If you open too many files, and don't close them, your system might crash, or your data might be lost (the OS also flushes data from memory to the files when you close them).

![Closing files](https://docs.google.com/drawings/d/e/2PACX-1vRR4bnLVVzZkFhyaRG3I5BO402tJ__yZGVP64TP-n3jV9svUeVjSzZuVPu-25sLS45pSLD5IIb22pu-/pub?w=960&h=720)
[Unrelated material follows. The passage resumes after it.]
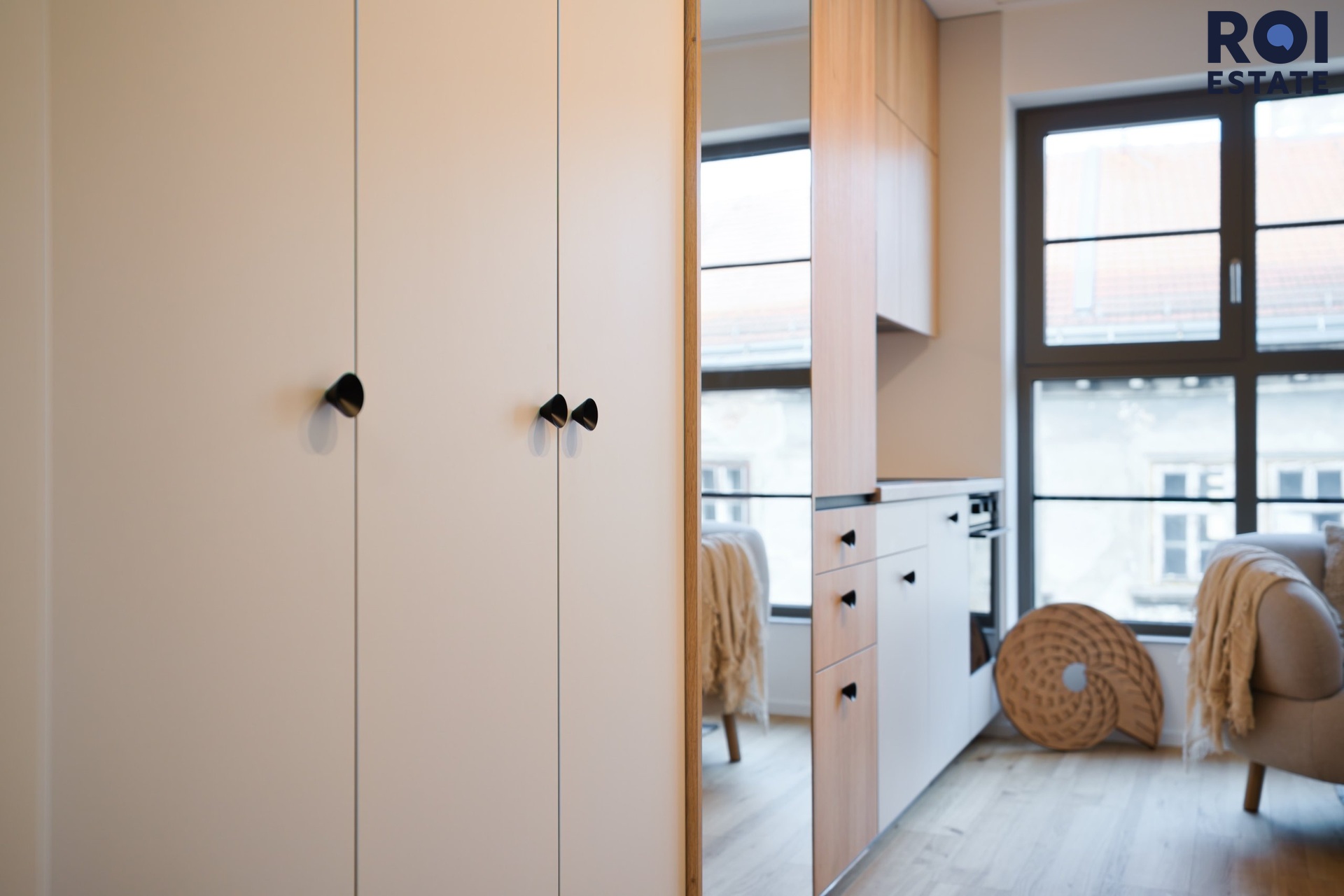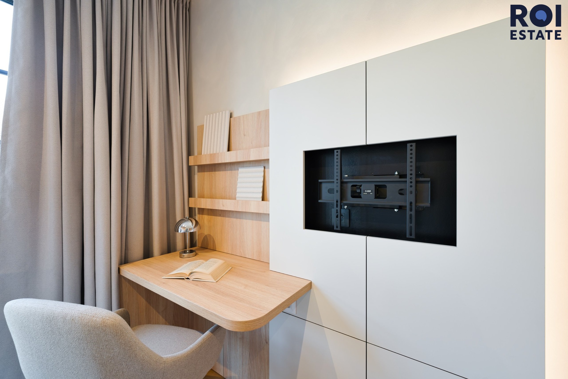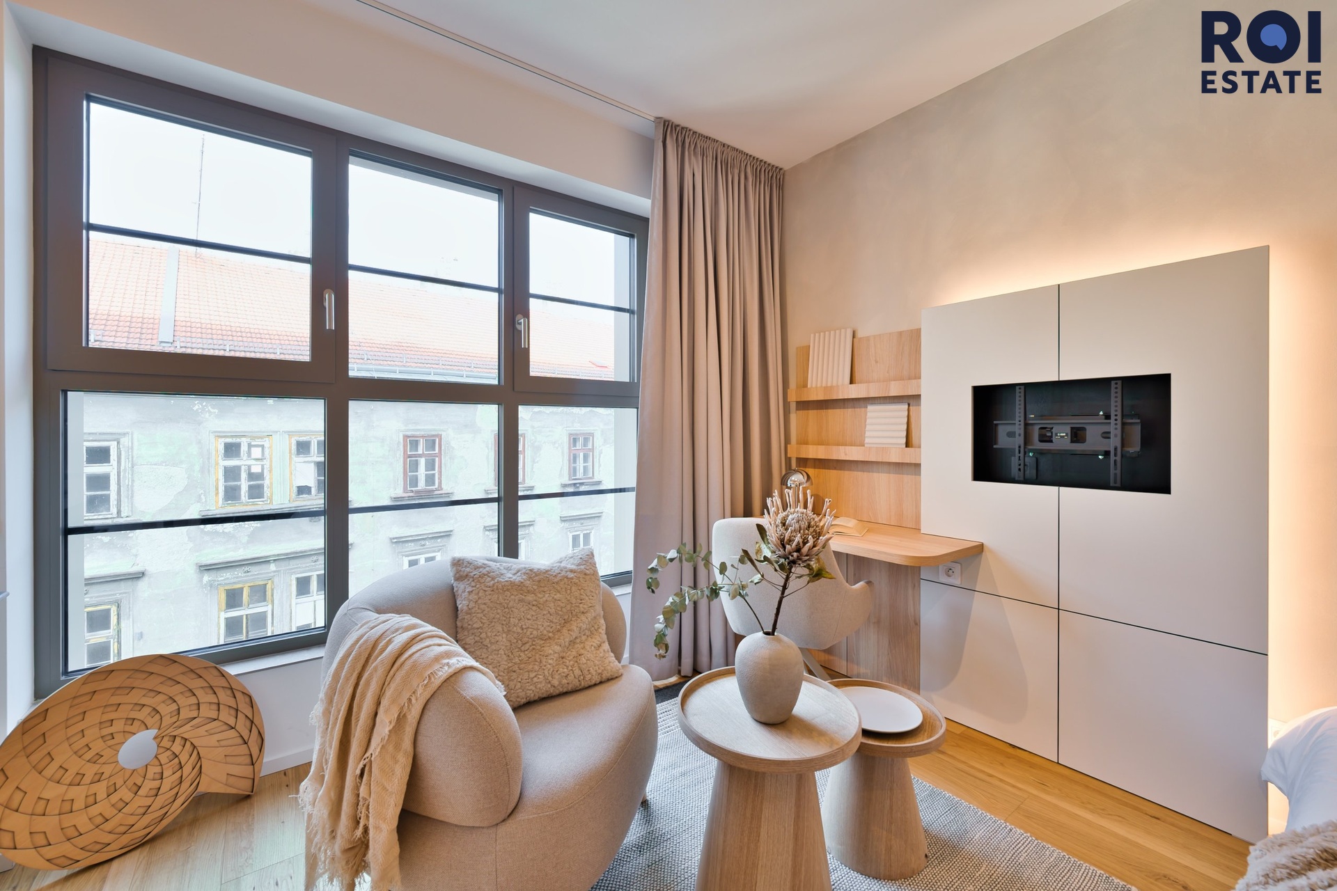 Interiér působí lehce, harmonicky a příjemně teple díky kombinaci přírodního dřeva, světle šedých tónů a jemného ambientního osvětlení. Kuchyňská linka je plně vybavená vestavnými spotřebiči, nechybí indukční varná deska, trouba, digestoř ani chladnička. Promyšlené úložné prostory přirozeně navazují na obytnou zónu s pracovním koutem, který působí elegantně i prakticky zároveň.

Closing a file is simple, just use the `close()` method of the file object returned by `open()`:

In [40]:
f.close()

In [41]:
f

<_io.TextIOWrapper name='alice.txt' mode='r' encoding='UTF-8'>

Any successive operation that we try to perform with a closed file will raise an exception:

In [42]:
f.read(5)

ValueError: I/O operation on closed file.

In [43]:
f.closed

True

### Full File Object API

Finally, you can check the docs to learn more about the file object: https://docs.python.org/3/library/io.html#io.IOBase

You can see interesting methods like `flush()`, `readable()`, etc.